"Ram Milaye Jodi"
Winter has set in and I am back to cuddling into my warm bed and fleece pajamas and chappals and finally inside my cocoon. My safety net. Does that sound very familiar to us as we all have a similar habit that we follow or just bother us as to why we get uncomfortable with the extremities? I have tried to think about it for a while and figured out that anything extreme; love or hatred, warm or cold, good or bad can be dangerous. But do we not know that already? The answer is yes. We do and we keep reclaiming our thoughts and views in the fear of missing out on something, Missing the reason or the idea behind our truths. We have so many different truths at the same time that it gets difficult to differentiate one from the other. I have been busy lately and do not find enough time to read or write but is that true? Can I not find some time and do what I enjoy doing the most? This is the biggest example of what I have narrated just now. Fear of not being convinced with oneself or missing out on something that you might repent. But nobody really knows what one is missing or even if they do they hardly want to accept it.
I sometimes try to gain clarity about myself, my personality, my thought process but to my dismay, I am yet to find these answers. This really bamboozles me to no extent because I am an adult, living my life on my terms and yet to find who I am? Isn’t that pretty straightforward an answer and I must have known by now at least. But no. I am that stubborn child that refuses to even comprehend something. Hold on. Am I being too critical of myself? That is a very typical me. So no worries. Looks like I am in the comfort of my own self finally. This further solidifies my belief that I know what I am but all I need to know is why and who I am. The answers are not far-fetched and will soon be with me. Till then, I will keep looking and urge you to help me in my endeavor as well.

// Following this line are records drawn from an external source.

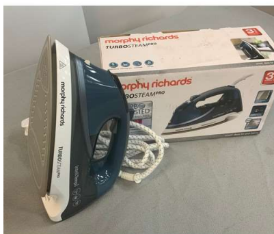
77. V - MORPHY RICHARDS TURBO STEAM PRO 3100W IRON MODEL 303131
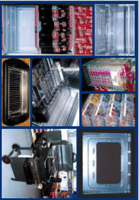
Typical Versaweld Products
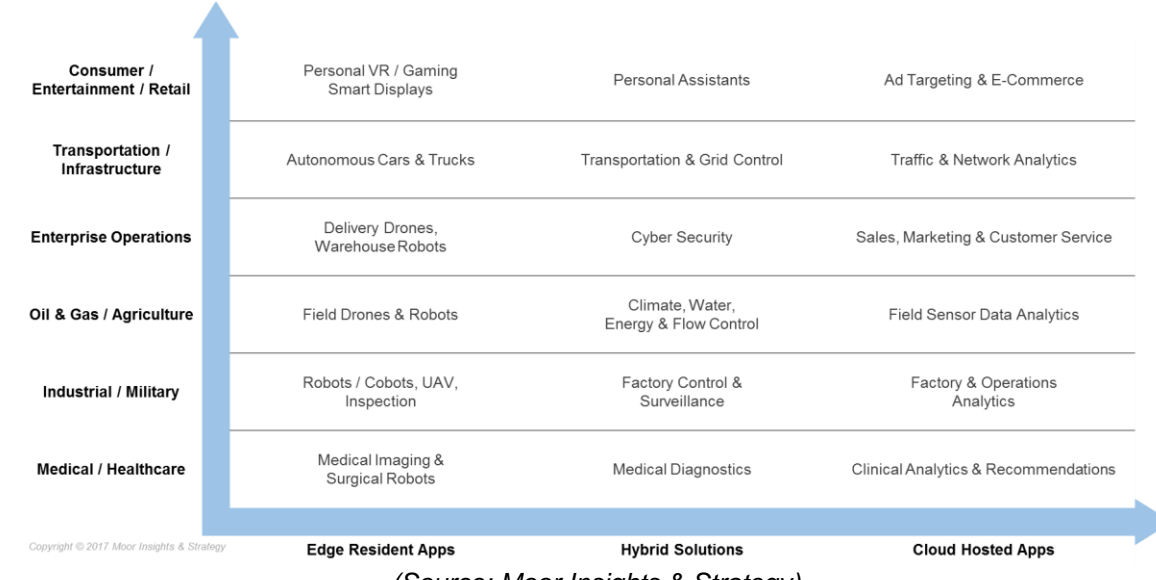
FIGURE 1: A MACHINE LEARNING APPLICATION LANDSCAPE

sub-segmented by edge, cloud, and hybrid deployment environments. As a later section explores, the ideal hardware to support these applications spans a wide range of alternative architectures. The applications in Figure 1 all run some sort of pre-trained neural network, such as a deep neural network, a convolutional neural network, a recurrent neural network, etc. At this point, it is premature to size these market segments, but each represents a significant opportunity, and each is attracting a large number of solution developers, primarily in venture-capital backed startup firms.
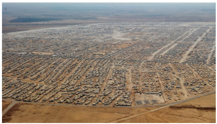
An aerial view shows the Zaatari refugee camp on July 18, 2013, near the Jordanian city of Mafraq, some eight kilometers from the Jordanian-Syrian border.

will be taken against the Jordanian government and society at large. As of June 2014, support was growing for The Islamic State declared by ISIS in Iraq and Syria.<sup>4</sup> The chaos inside Syria and the criminal elements involved in the illicit trade along the border form a toxic mix that can only contribute further to the instability. Halting this cross-border flow as part of a larger international effort to create safe zones within Syria would be one way to impede the spillover. The contagions of refugee flow and external military assistance would also be contained as trafficking would be curtailed and refugees could be moved back into protected areas on the Syrian side of the border. Jordan could reap benefits by playing a key role in the humanitarian effort.
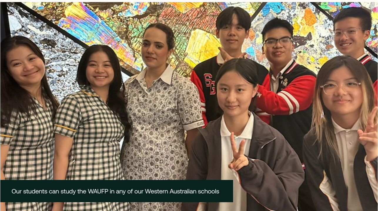
Our students can study the WAUFP in any of our Western Australian schools

A Combined Percentage Score (CPS) is calculated for all students and can be used for university entrance. The CPS is calculated by averaging the best three scaled scores (excluding ELACS) OR averaging the sum of the best three scaled scores and ELACS score, whichever is highest, plus any bonuses.
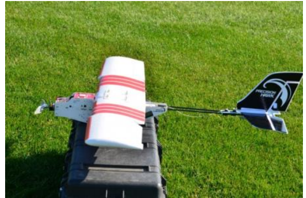
Figure 1. CCE's UAS platform

It depends how you use it. As long as you fly your UAS under 400 ft, are more than 5 miles away from the nearest airport, fly only during daylight hours, obey visual flight rules, and do not use the UAS imagery to make a management decision on your crops or livestock then as a hobbyist you would be in compliance. However if you use the UAS imagery to, for example, write a prescription for variable rate nitrogen on corn, even if it's fed to animals, you would be in violation of the law. A change in management = commercial UAS use. We have obtained FAA approval to conduct research on a small number of farms in western NY to evaluate management changes based on UAS imagery beginning in 2015.
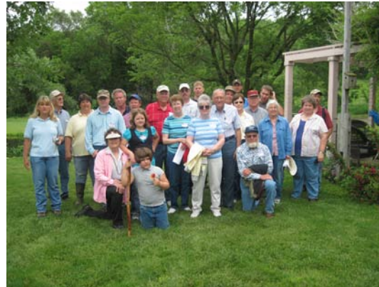
A group picture of the 2010 Nebraska SWCS annual meeting participants.
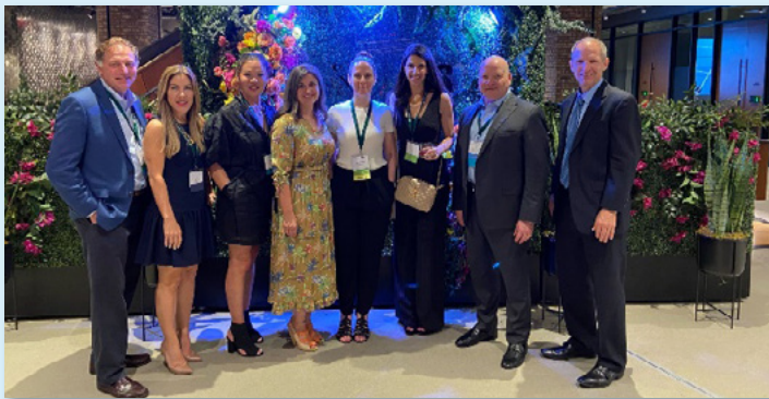
CoreNet Board Members at ERS
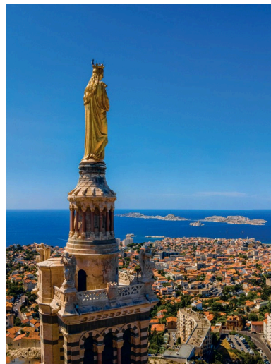
Clockwise Marseille, France Barcelona, Spain MSC World Europa Valletta, Malta
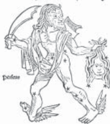
Perseus from Poeticon astronomicon. Venice, 1482. The woodcut reproduced here is that of Perseus, holding the newly-severed head of the Gorgon. In the Renaissance the work was usually attributed to the Roman historian C. Julius Hyginus, who lived in the first century B.C., but we now know it was probably composed by some other Hyginus at a later date. The order of the constellations follows that of the catalog in Ptolemy's Almagest, so the work may date from the second century A.D or later.
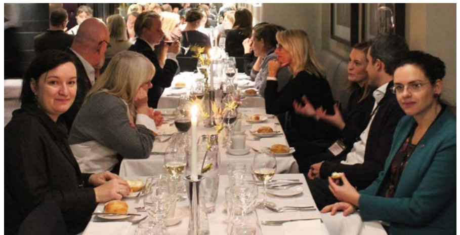
Dinner in the Clarendon Post Hotel.
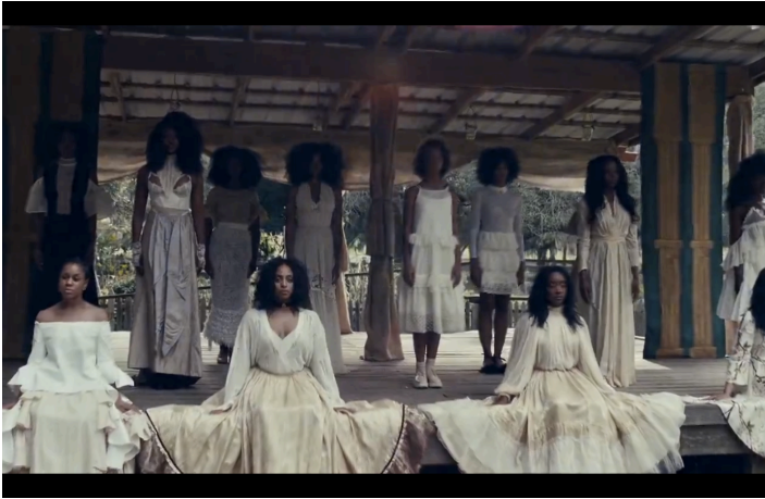
Picture 6: A large group of Black women standing on a stage. Screenshot 00:02:29 ( Lemonade , Dir. Åkerlund et. al.)
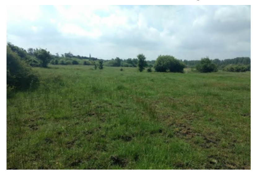
Plate 14.70 AAP 19, facing south
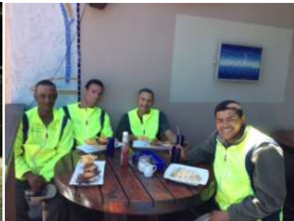
Village Ambassadors Enjoying their "Sponsored Brunch" at Blue Olive

Read more... (George Herald 2 October 2014)
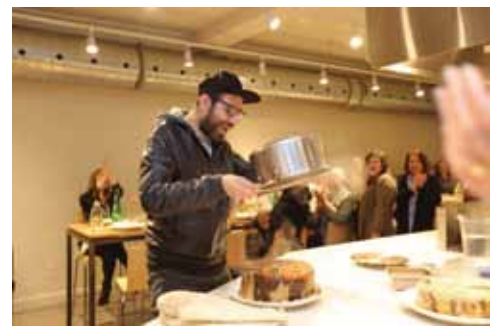
Co-hosted an interactive Dinner & Dialogue with HotDocs Documentary Film Festival for City of Ghosts, a film about citizen journalism in Syria

For all the amazing accomplishements of the last year, Newcomer Kitchen has yet to secure any sustainable funding to support our staff, operations and growth. Our small surplus will not last long; your support is still very much needed. Please visit us online to learn how you can help.
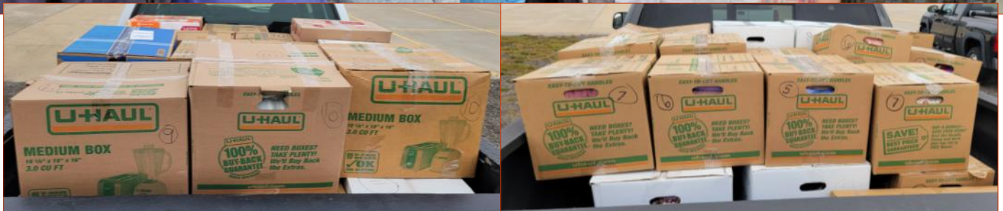
Top right, Debbie at blessing of the blankets 9/22. Middle, most of the people who helped pack the blankets to deliver. Bottom, two trucks full of blankets ready to be delivered.
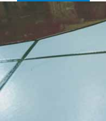
Detail of the application of Ultraplan on an existing ceramic tile floor after the application of Mapeprim SP
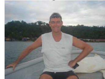
Boat Trip to Calovébora
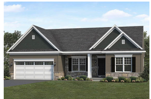
Upgraded A Traditional
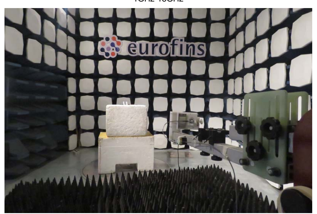
18GHz - 26.5GHz
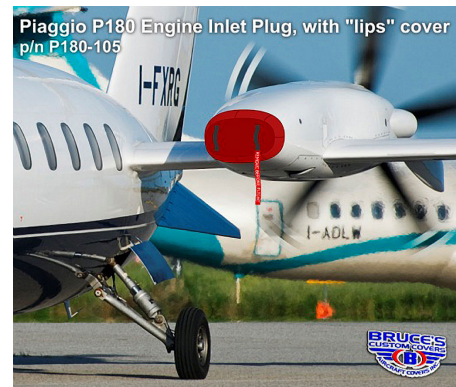
Piaggio 180 Engine Inlet Plugs with extension to cover "lips"
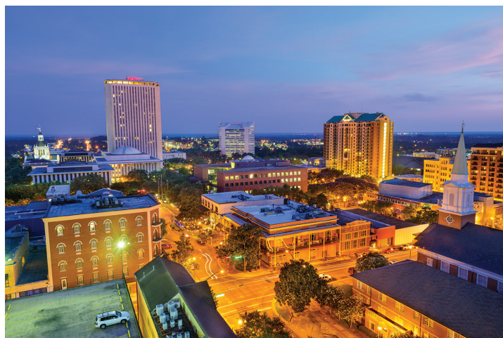
Tallahassee, Florida
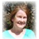
By Cindy Croft MG 2009

The following are Galveston County Master Gardeners who will be giving local presentations. Please show your support by attending if you are interested in the topic and able to do so.
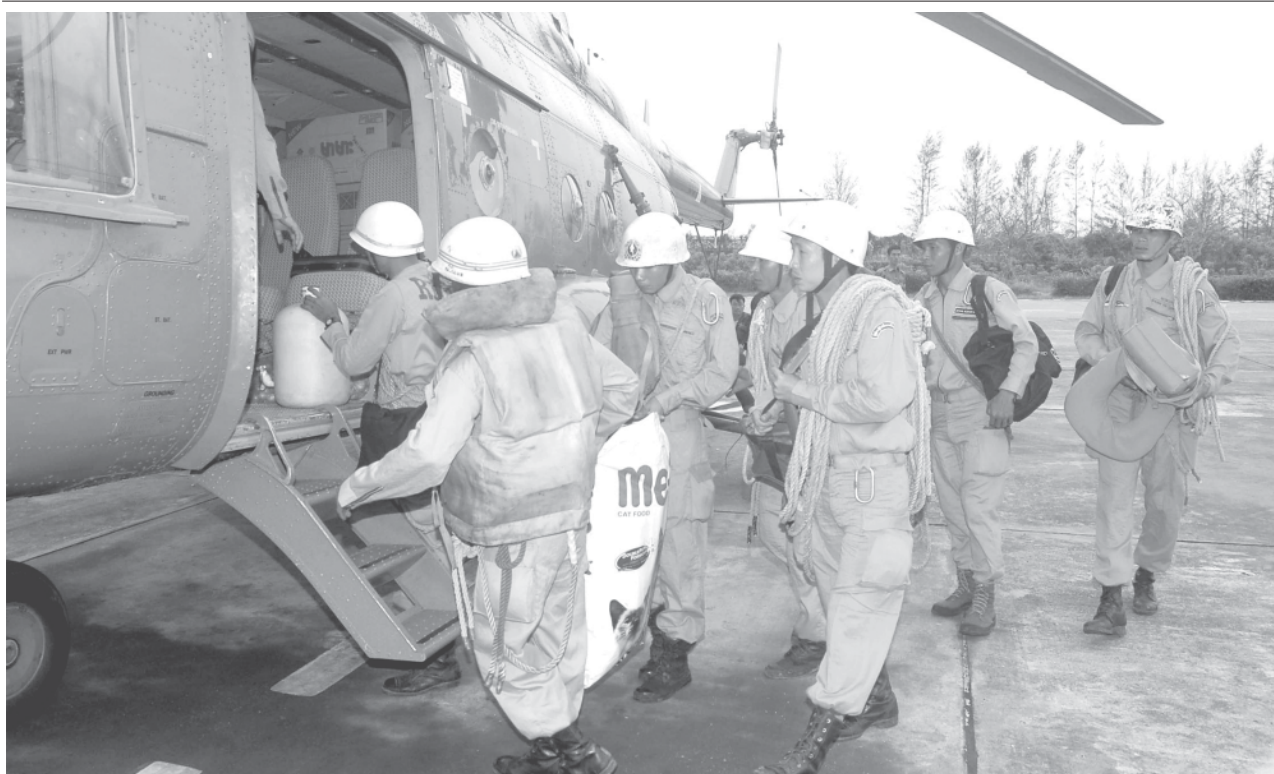
Members of Search and Rescue Team leave for storm-hit areas in Ayeyawady Division.—MNA

Digressing from what I was talking about here, I forgot to mention what happened this morning. I was so comfortably sitting in my pajama pants, doing some work that little did it register to me that I had worn it all wrong. Basically, it was upside down but surprisingly it felt smoother and softer than usual and I found nothing wrong with it. Time passed and the day went by. In the evening when I went for a walk in them, I realized I had worn it all wrong. Thankfully, my long jacket saved me from being the butt of jokes but I realized how unmindful I had been the whole time. Probably I should have thought about not being attentive and particular about things in general.
Instead, I laughed out loud in the evening over a cup of tea with my husband only to find that he had been wearing his pajama upside down as well. This is what you call” Ram Milaye Jodi” or not?